Até que ponto elas têm razão -e essa árvore, que se acredita ter sido primeiro introduzida no Brasil em 1868, é de fato um grotesco símbolo do "neoliberalismo", o nome novo que a esquerda dá ao velho capitalismo?
O eucalipto, que foi por um tempo vilão ambiental dos verdes menos esclarecidos, estaria voltando a ser malvado e adentrando o panteão maldito da esquerda, onde estão Coca-Cola, Big Mac e soja transgênica?
"Deserto verde é duplamente errado. Deserto é onde não chove. Se é verde, não pode ser deserto", diz, com a paciência típica dos cientistas que vivem às voltas com mitos, o pesquisador Walter de Paula Lima, um dos maiores conhecedores do eucalipto na comunidade científica brasileira.
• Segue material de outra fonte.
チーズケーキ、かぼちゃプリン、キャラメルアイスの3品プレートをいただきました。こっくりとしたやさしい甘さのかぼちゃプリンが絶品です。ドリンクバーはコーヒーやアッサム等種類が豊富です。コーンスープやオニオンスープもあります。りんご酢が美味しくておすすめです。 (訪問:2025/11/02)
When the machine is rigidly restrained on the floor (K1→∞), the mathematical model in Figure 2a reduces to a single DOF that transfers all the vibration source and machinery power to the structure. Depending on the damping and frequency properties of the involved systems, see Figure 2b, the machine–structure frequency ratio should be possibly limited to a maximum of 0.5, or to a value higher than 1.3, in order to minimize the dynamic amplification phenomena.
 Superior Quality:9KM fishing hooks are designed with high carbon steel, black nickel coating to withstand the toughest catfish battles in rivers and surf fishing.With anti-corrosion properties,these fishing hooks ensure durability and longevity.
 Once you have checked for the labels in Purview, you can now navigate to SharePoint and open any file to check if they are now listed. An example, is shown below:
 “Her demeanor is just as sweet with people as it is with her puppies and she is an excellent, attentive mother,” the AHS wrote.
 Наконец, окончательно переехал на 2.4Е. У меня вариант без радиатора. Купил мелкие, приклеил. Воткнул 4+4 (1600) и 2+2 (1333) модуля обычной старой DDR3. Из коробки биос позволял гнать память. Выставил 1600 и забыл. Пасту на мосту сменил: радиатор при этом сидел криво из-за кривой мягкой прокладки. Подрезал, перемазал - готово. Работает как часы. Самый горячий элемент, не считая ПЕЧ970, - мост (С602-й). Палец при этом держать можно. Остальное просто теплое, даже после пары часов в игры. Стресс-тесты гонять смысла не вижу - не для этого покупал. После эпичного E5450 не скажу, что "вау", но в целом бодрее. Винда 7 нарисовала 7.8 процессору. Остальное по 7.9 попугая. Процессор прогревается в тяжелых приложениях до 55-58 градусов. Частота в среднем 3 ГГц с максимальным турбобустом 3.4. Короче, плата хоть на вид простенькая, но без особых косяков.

Ele começou a estudar essa árvore já em 1972, quando começou sua carreira acadêmica como auxiliar de ensino no então Departamento de Silvicultura da Esalq-USP (Escola Superior de Agricultura "Luiz de Queiroz" da Universidade de São Paulo), em Piracicaba -a mais prestigiosa escola brasileira de agronomia.
Walter Lima é especialista em hidrologia florestal, o uso de água pelas florestas. Um mito acalentado pelos verdes e agora pelos vermelhos pouco esclarecidos é a voracidade do eucalipto por água, cujas plantações seriam capazes de secar rios, lagos, mananciais.
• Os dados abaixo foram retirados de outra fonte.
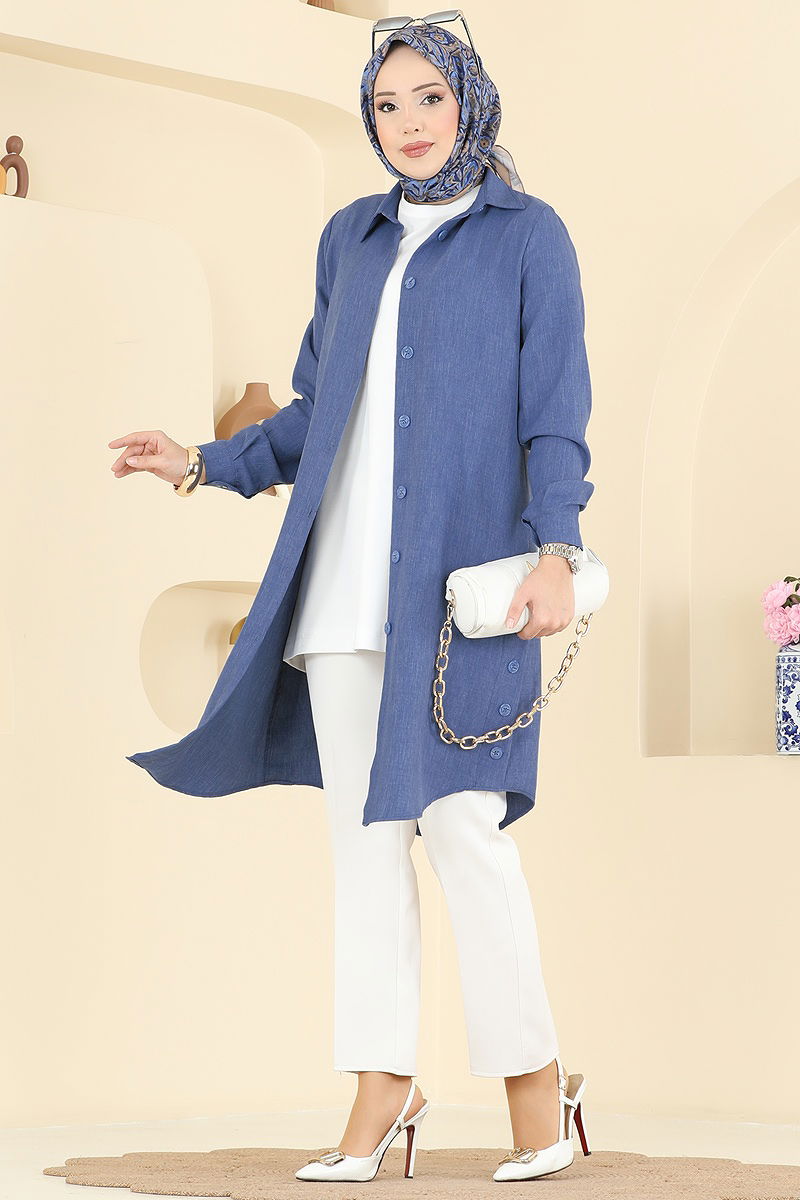 Yırtmaç Düğmeli Tunik 3047KTR750 Koyu Mavi
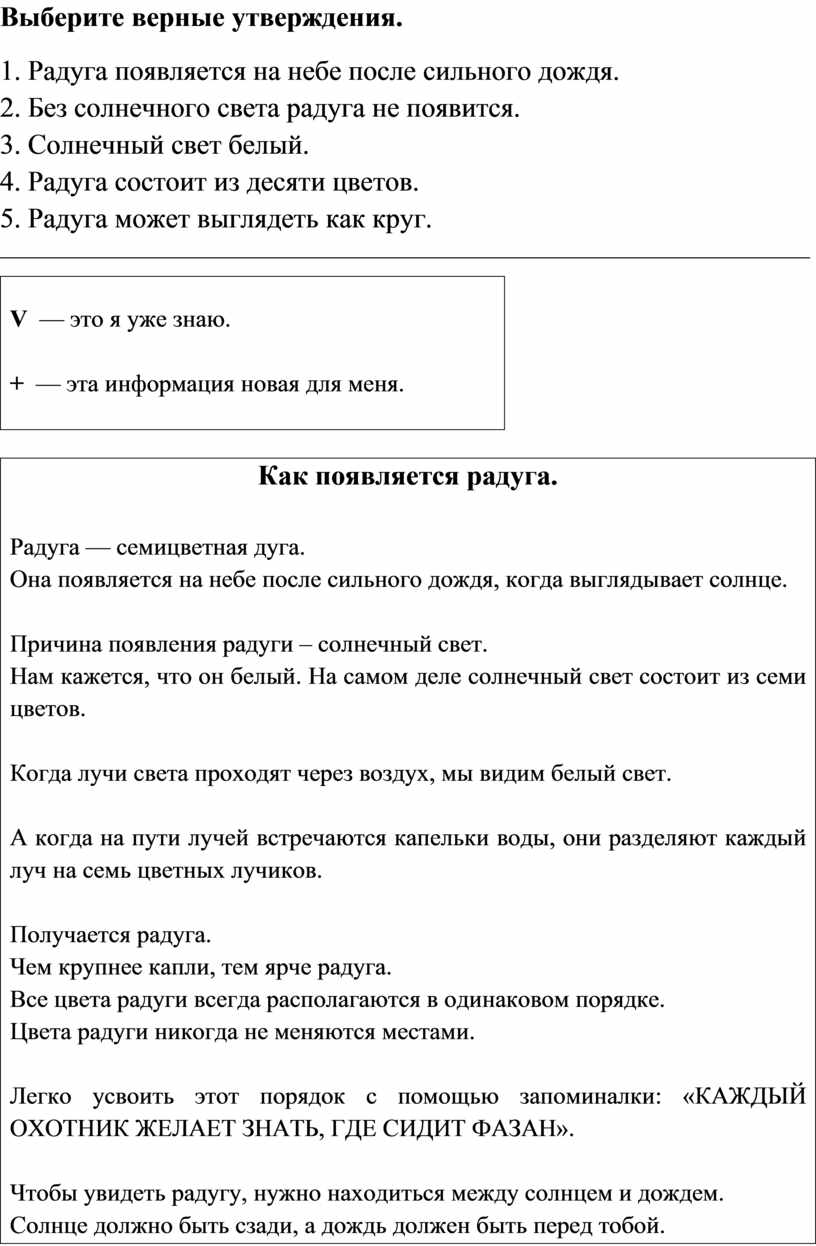 — Ну что ж, а теперь давайте узнаем всё необходимое про радугу. Но об этом природном явлении я вам рассказывать не буду. Потому, что вы всё узнаете сами, когда прочитаете небольшой текст.

Havia quem dizia que uma árvore de eucalipto usava 360 litros de água por dia. Um absurdo, que foi depois modificado para 30 litros na propaganda antieucalipto. O valor real máximo é 15 litros, diz o professor da Esalq; e só em certas épocas do crescimento, e certas épocas do ano, e para árvores plantadas no padrão tradicional de reflorestamento, uma para cada seis metros quadrados.
Há árvores nativas brasileiras com consumo parecido, dependendo também das circunstâncias. O cientista acha estranho criticarem o eucalipto por afetar a biodiversidade. Qualquer plantação agrícola -de soja ou de café de um latifundiário do agrobusiness, um roçadinho de feijão ou mandioca de agricultura de subsistência- é um ataque à variedade natural de espécies vegetais que existiam no terreno.
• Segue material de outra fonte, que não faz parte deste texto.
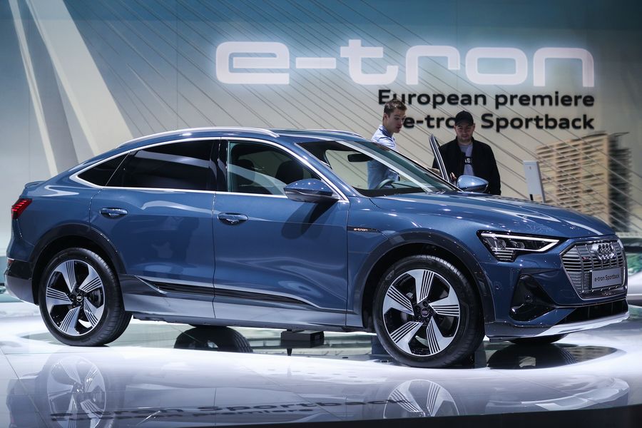 An Audi e-tron sportback car is seen at the 98th Brussels Motor Show in Brussels, Belgium, Jan. 9, 2020.(Xinhua/Zheng Huansong)■
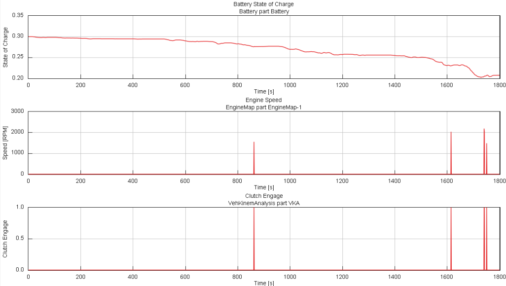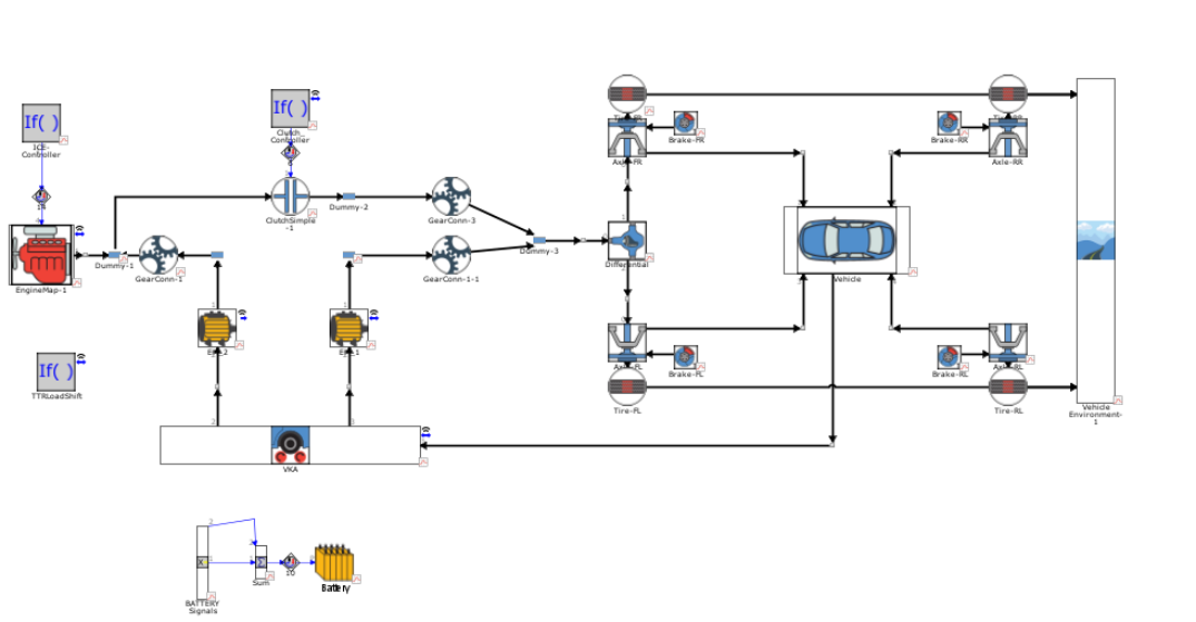 串并联插电混动相对复杂一些,既可以工作在增程模式,也可以工作在混动模式。对于ECMS来说,这两种模式的动力学模式差异显著。在建模过程中需要在GT-SUITE中进行特别设置。下图为本文所用串并联的插电混动模型,共两个电机。通过ECMS等最优控制算法,用户可以得到在给定工况下的模式分配规律,以及每一种模式下的发动机、电机的工作点等关键信息。
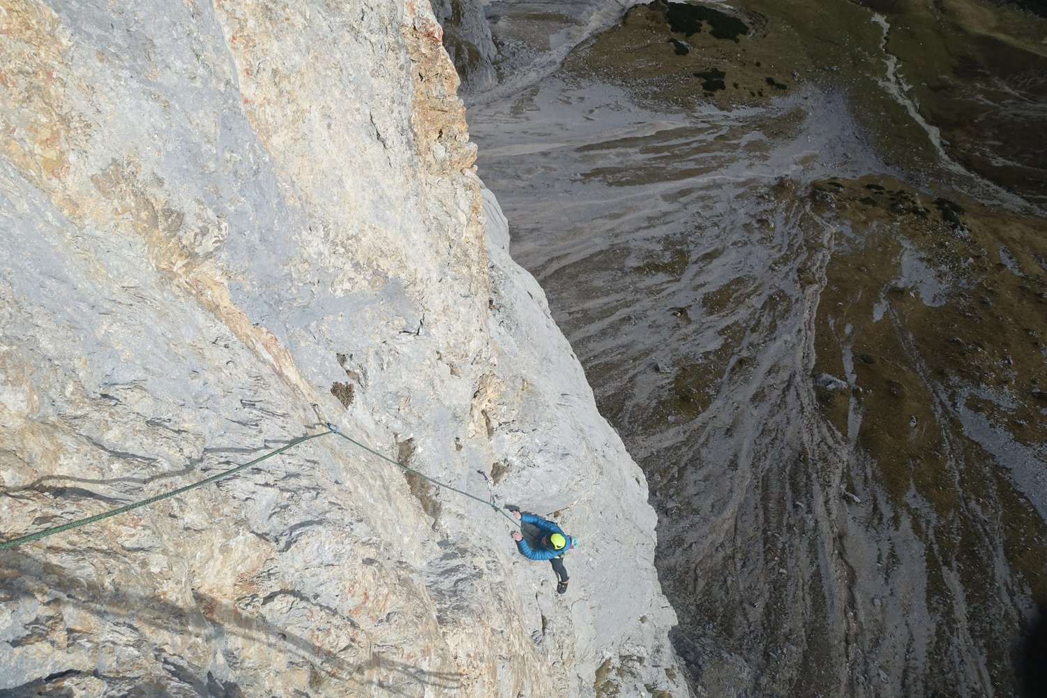 Wo der Fels einen Riss, etc. bietet wurde konsequent kein Haken gesetzt, sodass man zwar super Placements findet, aber egal bei welcher Schwierigkeit mobil ergänzen muss
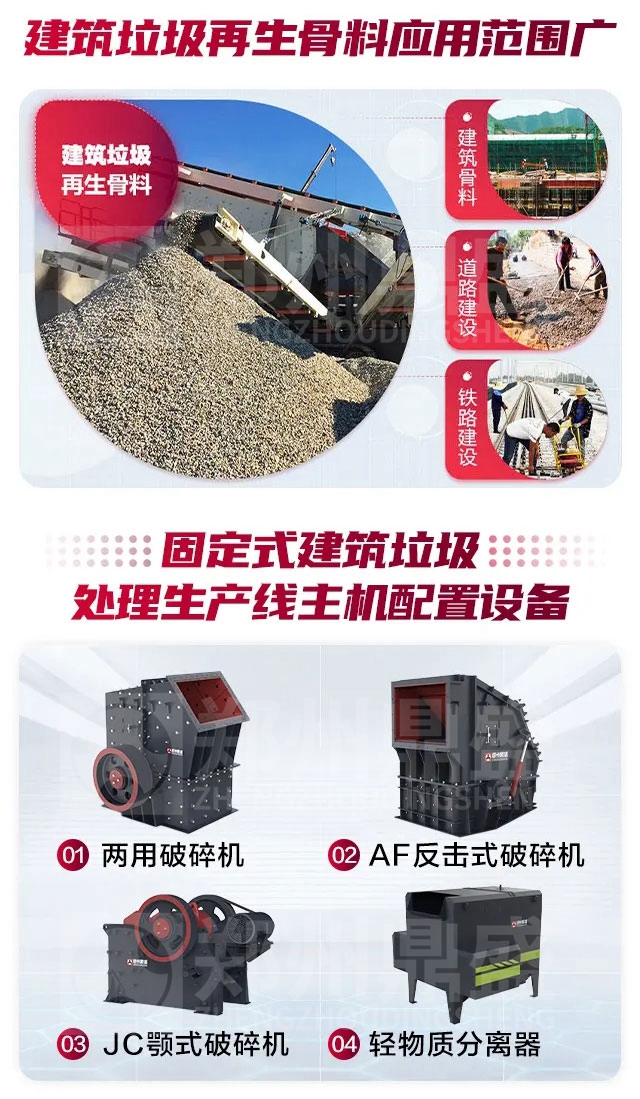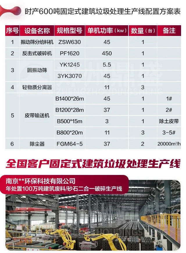 設備配置:建築垃(lā)圾破碎機(jī)、振動篩分給料機、圓(yuán)振(zhèn)動篩、除鐵器、輕物質分離器(qì)

A única alternativa a isso seria banir a agricultura da face da Terra -mas, para isso, a população do planeta teria de diminuir de 6 bilhões para no máximo uns 50 ou 100 milhões, se tanto, catando frutinhas no mato "biodiverso".
Mas, dizem os nacionalistas silvícolas, por que não usar árvores nativas em vez do neoliberal eucalipto? Charles Darwin e sua teoria da evolução explicam.
As plantas , árvores e arbustos brasileiros nativos coevoluíram com suas pragas, faz milhões de anos. Criar uma floresta só de embaúba, uma bela árvore de crescimento rápido, seria criar um belo repasto para as pragas locais -a não ser que fossem neoliberalmente enxarcadas de inseticidas.
O eucalipto, ao ser transplantado para cá, poderia ter virado fast food das pragas ou ser imune a elas. Ganhou a segunda opção. A árvore se deu bem, cresce rápido e virou estrela de exportação.
Mais irônico ainda: os tais "eucalipto, acácia e pinus para celulose" criticados pelas neovândalas cumprem seu papel de preservar as matas nativas de virarem papel. Quem vai querer transformar a mata atlântica em papel, se é muito melhor fazer isso com essas árvores de crescimento rápido?